Forbes' 2026 cohort includes eight Stanford affiliates working in sustainability. The five women and three men have taken advantage of the entrepreneurship ecosystem in and around the university.

Forbes' annual “30 Under 30” U.S. feature for 2026 includes eight Stanford University affiliates working in sustainability: five alumni and three students. Seven are in the “Energy & Green Tech” category, and one is in “Manufacturing & Industry.” Seven have cleantech startups. Women outweigh men this year five to three. 

Four alumni recognized in the Energy & Green Tech category are: Gabriella Dweck, MS ’23, (names link to Forbes pages); Alex Fuster, BS/MS ’20; Ali Sarilgan, BS/MS ’19; and Meghan Wood, MS ’23. In the same category, Forbes also honored PhD students Rebecca Grekin and Jade Marcus, and master’s degree student Laurence Allen. The Manufacturing & Industry Category applauds the progress alum Fern Morrison, MS ’24, has made with her research-backed venture.

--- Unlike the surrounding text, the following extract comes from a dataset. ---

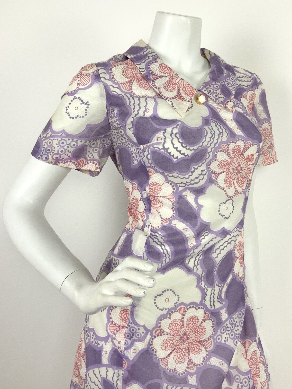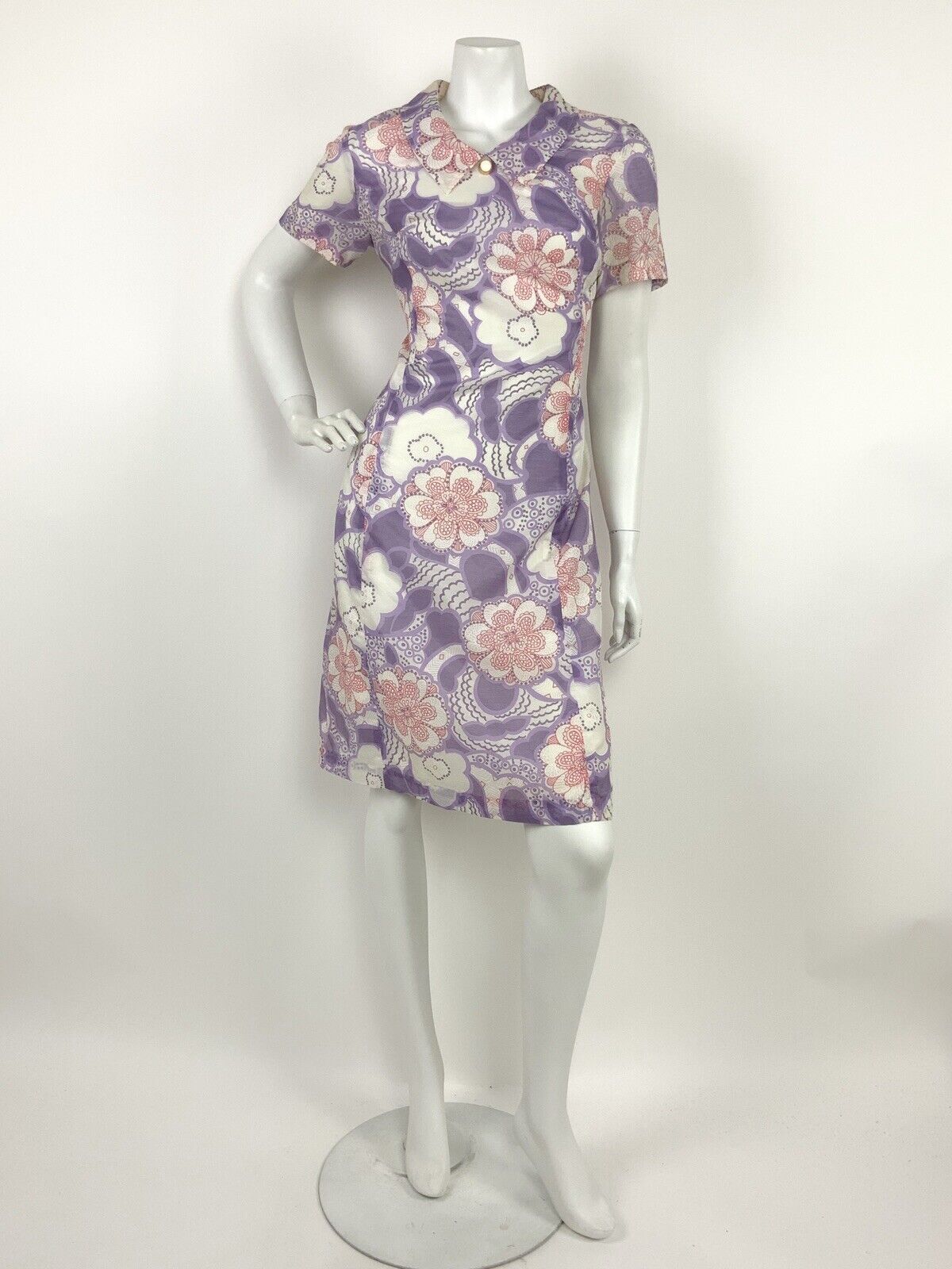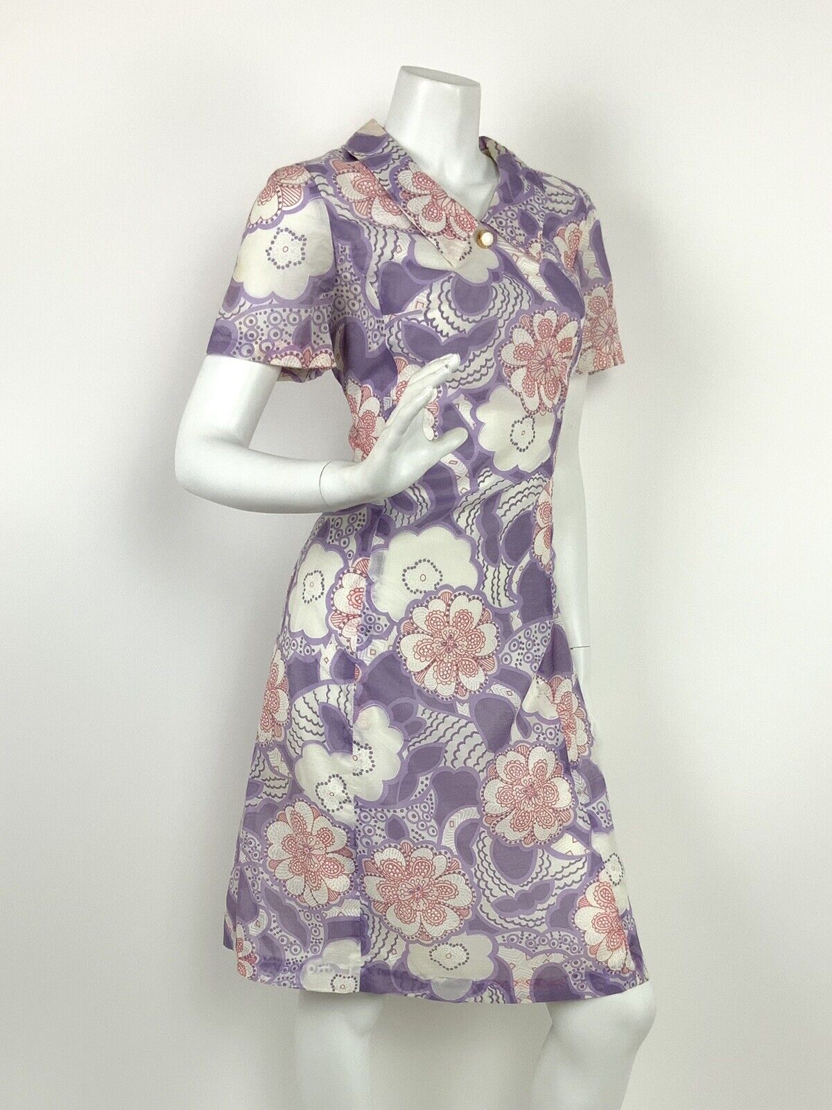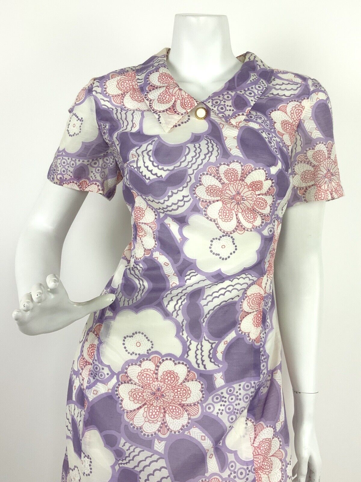 VINTAGE 60s 70s WHITE PINK PURPLE FLORAL DAISY PAISLEY PSYCHEDELIC DRESS 12 14

Over the past eight years, the magazine has recognized the contributions of 68 Stanford alumni, students, and scholars working in sustainability. For the 2026 cohort, as in previous years, most of the Stanford honorees received critical assistance from the many cleantech entrepreneurship courses and programs at Stanford and, more broadly, in the Bay Area. Three won Innovation Transfer Program grants from the TomKat Center for Sustainable Energy. Two took the Precourt Institute for Energy’s course Stanford Climate Ventures. Both the Precourt Institute and the TomKat Center are part of the Stanford Doerr School of Sustainability. The Ecopreneurship program, a partnership of the Doerr School of Sustainability and Stanford’s Graduate School of Business, helped train three of the honorees. Crucial entities that train and invest in cleantech entrepreneurs in the Bay Area include the U.S. Department of Energy-supported Cyclotron Road, Bill Gates’ Breakthrough Energy, and the YCombinator accelerator.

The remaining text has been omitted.